_Work instructions_. Your answer must be only the lines below from the one containing "In the Global" through the one containing "Mentions sur le", copied exactly, with the pictures left out.

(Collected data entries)
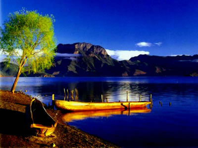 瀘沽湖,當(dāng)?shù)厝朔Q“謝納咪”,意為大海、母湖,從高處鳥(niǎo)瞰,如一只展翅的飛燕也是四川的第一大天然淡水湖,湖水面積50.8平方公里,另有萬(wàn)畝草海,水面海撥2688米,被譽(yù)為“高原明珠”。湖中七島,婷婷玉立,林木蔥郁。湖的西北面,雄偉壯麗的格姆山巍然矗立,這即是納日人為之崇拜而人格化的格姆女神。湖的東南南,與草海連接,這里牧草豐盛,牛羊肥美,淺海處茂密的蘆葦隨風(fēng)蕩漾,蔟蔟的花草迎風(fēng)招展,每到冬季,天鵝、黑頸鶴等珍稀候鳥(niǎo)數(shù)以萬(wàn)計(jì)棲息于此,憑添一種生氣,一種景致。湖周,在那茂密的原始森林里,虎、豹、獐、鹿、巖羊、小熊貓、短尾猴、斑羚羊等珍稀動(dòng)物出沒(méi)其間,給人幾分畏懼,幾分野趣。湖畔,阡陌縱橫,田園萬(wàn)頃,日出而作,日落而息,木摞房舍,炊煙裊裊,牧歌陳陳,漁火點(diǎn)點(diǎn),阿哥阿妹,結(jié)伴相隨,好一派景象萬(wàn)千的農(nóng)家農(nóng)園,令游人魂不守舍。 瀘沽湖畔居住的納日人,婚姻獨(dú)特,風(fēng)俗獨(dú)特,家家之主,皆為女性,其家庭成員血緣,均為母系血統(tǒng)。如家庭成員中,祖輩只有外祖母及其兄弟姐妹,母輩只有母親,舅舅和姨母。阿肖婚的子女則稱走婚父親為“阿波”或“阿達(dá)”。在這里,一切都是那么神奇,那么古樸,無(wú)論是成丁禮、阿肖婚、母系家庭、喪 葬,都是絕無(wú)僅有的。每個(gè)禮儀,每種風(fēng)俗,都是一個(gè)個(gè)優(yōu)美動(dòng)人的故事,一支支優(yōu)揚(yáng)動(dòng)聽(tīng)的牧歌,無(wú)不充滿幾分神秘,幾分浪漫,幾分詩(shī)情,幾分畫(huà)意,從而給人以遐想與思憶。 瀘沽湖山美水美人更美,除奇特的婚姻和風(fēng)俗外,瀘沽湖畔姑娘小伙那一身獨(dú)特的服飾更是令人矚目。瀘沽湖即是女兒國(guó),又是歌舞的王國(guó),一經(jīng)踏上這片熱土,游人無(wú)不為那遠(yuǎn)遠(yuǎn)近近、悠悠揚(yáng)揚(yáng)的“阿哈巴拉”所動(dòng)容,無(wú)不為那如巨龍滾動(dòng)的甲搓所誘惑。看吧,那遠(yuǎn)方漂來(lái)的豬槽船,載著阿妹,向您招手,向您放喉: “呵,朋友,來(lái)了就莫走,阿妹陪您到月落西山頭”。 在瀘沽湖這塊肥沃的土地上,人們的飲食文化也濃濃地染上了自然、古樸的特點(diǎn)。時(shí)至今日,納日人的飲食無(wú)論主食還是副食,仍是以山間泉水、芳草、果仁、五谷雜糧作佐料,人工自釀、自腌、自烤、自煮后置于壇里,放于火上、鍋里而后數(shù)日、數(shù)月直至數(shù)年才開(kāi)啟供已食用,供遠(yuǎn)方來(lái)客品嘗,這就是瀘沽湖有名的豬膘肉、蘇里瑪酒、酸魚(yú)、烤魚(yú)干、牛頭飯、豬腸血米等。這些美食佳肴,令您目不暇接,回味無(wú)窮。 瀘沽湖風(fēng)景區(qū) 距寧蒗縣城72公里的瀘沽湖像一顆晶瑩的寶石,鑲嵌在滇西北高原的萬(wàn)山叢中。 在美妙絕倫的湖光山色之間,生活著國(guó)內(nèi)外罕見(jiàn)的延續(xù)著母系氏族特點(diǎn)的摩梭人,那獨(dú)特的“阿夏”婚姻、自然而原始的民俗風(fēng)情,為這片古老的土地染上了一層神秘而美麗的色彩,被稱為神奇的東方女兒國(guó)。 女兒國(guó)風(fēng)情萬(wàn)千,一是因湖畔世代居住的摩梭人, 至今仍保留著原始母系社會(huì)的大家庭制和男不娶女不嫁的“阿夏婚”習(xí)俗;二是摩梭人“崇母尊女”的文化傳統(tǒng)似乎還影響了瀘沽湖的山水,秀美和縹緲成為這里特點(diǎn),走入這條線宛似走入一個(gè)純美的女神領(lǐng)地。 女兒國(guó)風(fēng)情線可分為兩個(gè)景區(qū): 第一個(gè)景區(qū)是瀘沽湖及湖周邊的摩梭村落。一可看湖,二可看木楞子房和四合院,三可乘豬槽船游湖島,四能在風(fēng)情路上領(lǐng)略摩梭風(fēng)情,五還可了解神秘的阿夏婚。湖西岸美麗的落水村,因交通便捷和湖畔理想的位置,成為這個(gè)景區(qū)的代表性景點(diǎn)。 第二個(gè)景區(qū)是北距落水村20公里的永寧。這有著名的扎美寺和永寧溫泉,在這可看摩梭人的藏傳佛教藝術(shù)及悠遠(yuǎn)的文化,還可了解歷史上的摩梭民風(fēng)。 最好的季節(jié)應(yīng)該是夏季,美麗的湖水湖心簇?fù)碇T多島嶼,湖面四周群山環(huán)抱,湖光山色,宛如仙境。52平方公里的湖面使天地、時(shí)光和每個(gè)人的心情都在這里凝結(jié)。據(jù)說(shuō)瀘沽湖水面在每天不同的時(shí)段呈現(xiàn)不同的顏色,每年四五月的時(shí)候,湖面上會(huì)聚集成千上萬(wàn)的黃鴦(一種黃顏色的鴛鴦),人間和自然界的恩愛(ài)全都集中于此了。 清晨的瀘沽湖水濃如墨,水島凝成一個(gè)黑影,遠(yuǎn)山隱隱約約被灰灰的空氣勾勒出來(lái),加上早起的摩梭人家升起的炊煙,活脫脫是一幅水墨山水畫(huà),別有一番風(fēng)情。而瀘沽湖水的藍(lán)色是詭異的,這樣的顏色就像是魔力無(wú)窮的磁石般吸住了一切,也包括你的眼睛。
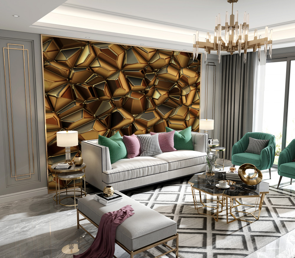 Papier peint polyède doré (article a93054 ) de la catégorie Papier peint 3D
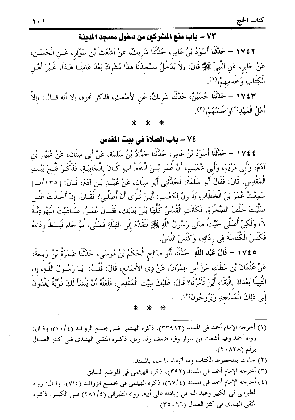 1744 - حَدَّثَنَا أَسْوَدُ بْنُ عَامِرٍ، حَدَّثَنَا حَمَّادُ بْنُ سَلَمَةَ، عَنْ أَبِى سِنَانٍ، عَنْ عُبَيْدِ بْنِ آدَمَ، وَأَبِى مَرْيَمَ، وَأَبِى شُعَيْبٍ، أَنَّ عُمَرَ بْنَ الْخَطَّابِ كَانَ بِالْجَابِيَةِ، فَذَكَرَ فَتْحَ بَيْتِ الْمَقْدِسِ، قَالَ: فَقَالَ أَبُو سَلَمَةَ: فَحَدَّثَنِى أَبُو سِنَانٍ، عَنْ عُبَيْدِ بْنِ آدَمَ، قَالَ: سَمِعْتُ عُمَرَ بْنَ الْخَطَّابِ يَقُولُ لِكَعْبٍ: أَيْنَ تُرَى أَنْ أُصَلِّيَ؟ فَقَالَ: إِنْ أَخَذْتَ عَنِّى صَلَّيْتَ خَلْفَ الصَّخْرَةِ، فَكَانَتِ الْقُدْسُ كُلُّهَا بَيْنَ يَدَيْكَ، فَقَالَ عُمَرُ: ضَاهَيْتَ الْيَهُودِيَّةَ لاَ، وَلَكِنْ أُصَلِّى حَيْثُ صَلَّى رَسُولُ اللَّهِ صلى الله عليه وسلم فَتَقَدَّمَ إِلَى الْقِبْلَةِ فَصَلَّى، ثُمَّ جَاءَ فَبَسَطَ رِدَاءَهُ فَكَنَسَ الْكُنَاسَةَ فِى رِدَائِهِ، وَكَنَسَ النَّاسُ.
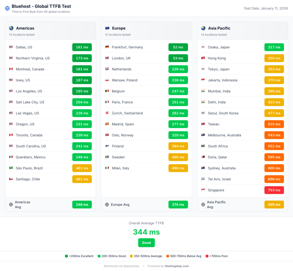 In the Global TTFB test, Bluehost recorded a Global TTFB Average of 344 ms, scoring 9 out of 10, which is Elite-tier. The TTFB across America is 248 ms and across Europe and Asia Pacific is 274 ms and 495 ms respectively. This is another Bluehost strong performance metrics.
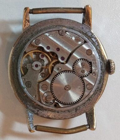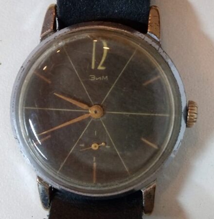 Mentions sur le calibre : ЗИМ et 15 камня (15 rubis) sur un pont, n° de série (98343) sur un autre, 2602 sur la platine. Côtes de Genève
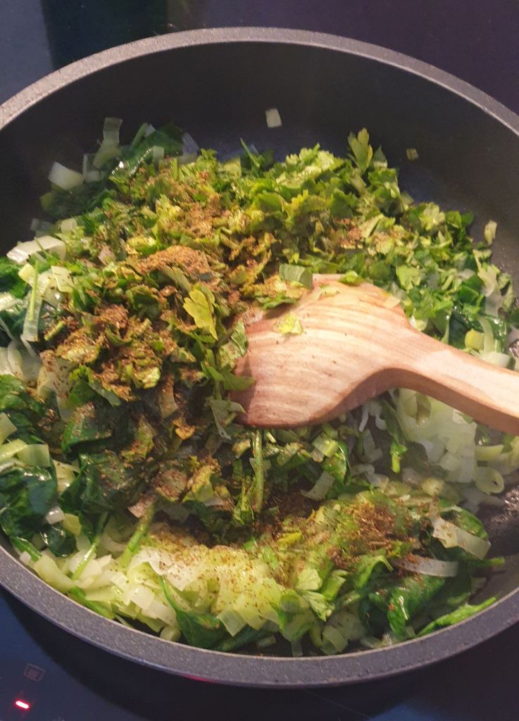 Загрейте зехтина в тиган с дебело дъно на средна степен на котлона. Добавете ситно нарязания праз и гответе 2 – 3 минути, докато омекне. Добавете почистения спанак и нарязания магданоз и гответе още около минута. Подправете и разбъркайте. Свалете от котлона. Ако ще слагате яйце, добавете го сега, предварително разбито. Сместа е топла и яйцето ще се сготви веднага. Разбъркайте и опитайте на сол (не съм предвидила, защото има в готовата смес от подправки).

_Written answer_.
 In the Global TTFB test, Bluehost recorded a Global TTFB Average of 344 ms, scoring 9 out of 10, which is Elite-tier. The TTFB across America is 248 ms and across Europe and Asia Pacific is 274 ms and 495 ms respectively. This is another Bluehost strong performance metrics.
 Mentions sur le calibre : ЗИМ et 15 камня (15 rubis) sur un pont, n° de série (98343) sur un autre, 2602 sur la platine. Côtes de Genève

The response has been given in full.